### WHAT YOU SHOULD DO
Return all of the entries below, word for word. Omit each picture.

### Excerpts from a dataset

^^^^^^^^

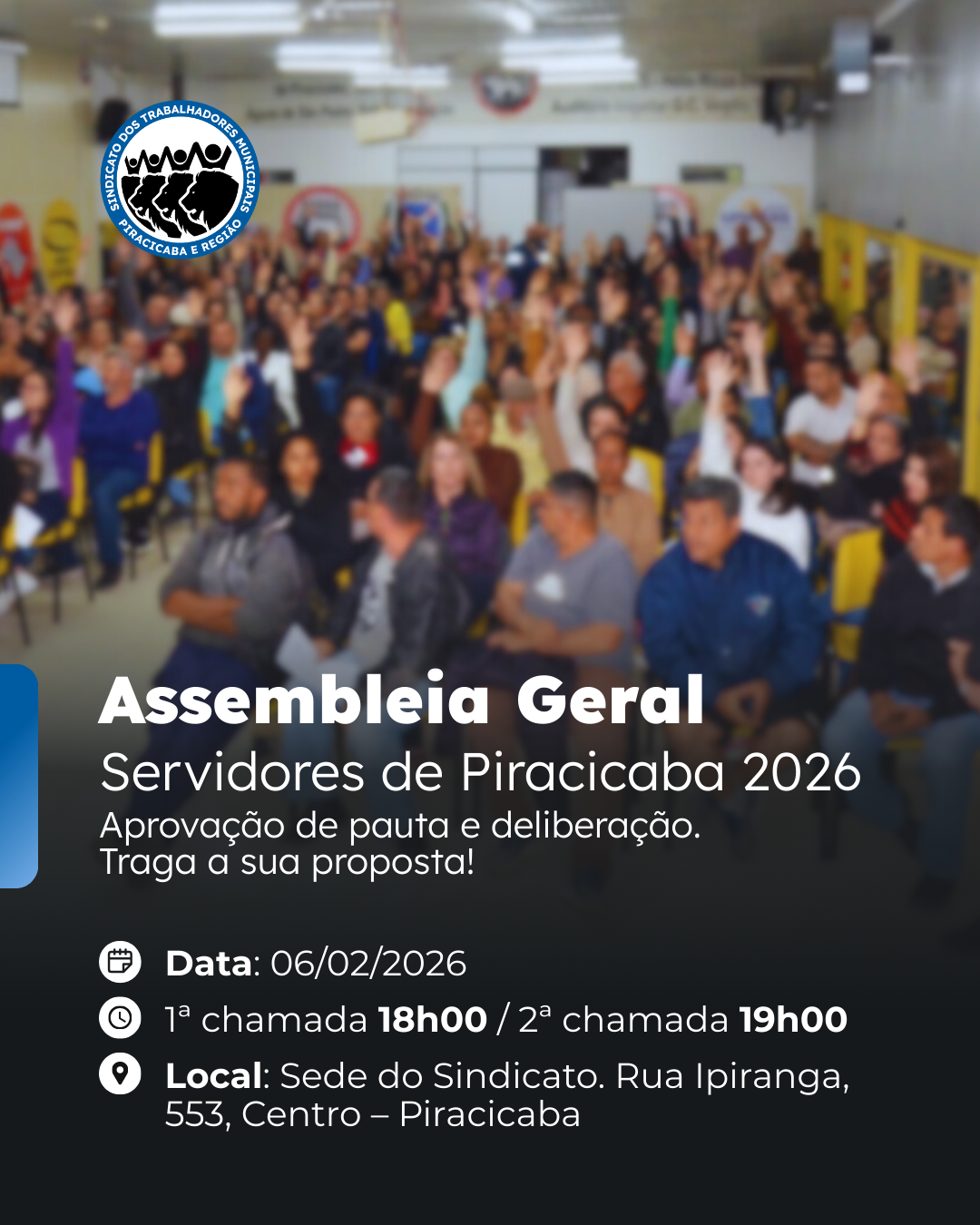 A assembleia Geral será no dia 06/02 (sexta-feira) no Sindicato dos Municipais
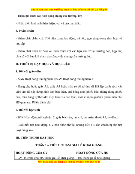 - Tiết 1: Sinh hoạt dưới cờ: Tham gia lễ khai giảng
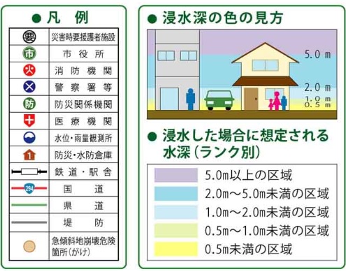 基本方針の安全性の高い施設として「防災拠点として高い耐震性の確保」が挙げられています。東日本大震災で庁舎に被害があったことから、まず第一に「耐震」が重視されたのは理解できます。しかし、新庁舎の所在地(旧庁舎の所在地と同じ)はハザードマップによれば、浸水地域にありますが基本方針では洪水については挙げられていません。
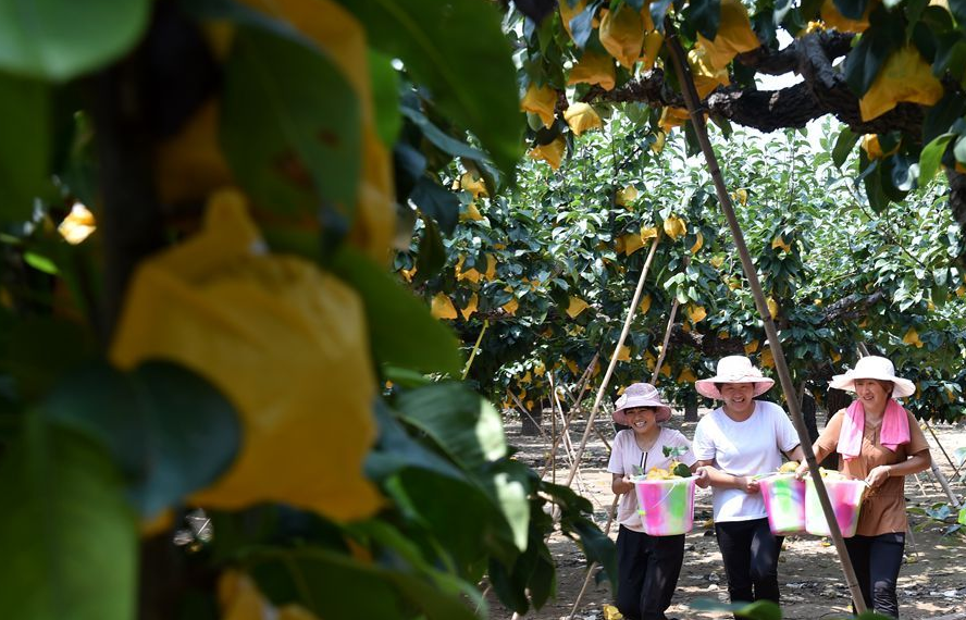 中國食品安全網(wǎng)訊(郝源)?7月30日,游客在劉楊莊村的梨園采摘。
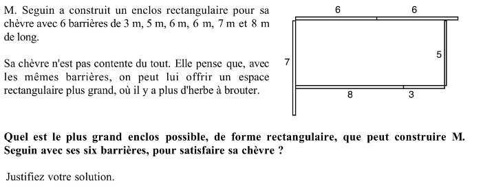 D'autre part, on peut imaginer que les élèves ont lu plus attentivement la première partie de l'énoncé que la demande finale, même si celle-ci était en caractère gras : "Quel est le plus grand enclos possible, de forme rectangulaire, que peut construire M. Seguin avec ses six barrières, pour satisfaire sa chèvre ?"

^^^^^^^^

### RESPONSE TO THIS TASK
 A assembleia Geral será no dia 06/02 (sexta-feira) no Sindicato dos Municipais
 - Tiết 1: Sinh hoạt dưới cờ: Tham gia lễ khai giảng
 基本方針の安全性の高い施設として「防災拠点として高い耐震性の確保」が挙げられています。東日本大震災で庁舎に被害があったことから、まず第一に「耐震」が重視されたのは理解できます。しかし、新庁舎の所在地(旧庁舎の所在地と同じ)はハザードマップによれば、浸水地域にありますが基本方針では洪水については挙げられていません。
 中國食品安全網(wǎng)訊(郝源)?7月30日,游客在劉楊莊村的梨園采摘。
 D'autre part, on peut imaginer que les élèves ont lu plus attentivement la première partie de l'énoncé que la demande finale, même si celle-ci était en caractère gras : "Quel est le plus grand enclos possible, de forme rectangulaire, que peut construire M. Seguin avec ses six barrières, pour satisfaire sa chèvre ?"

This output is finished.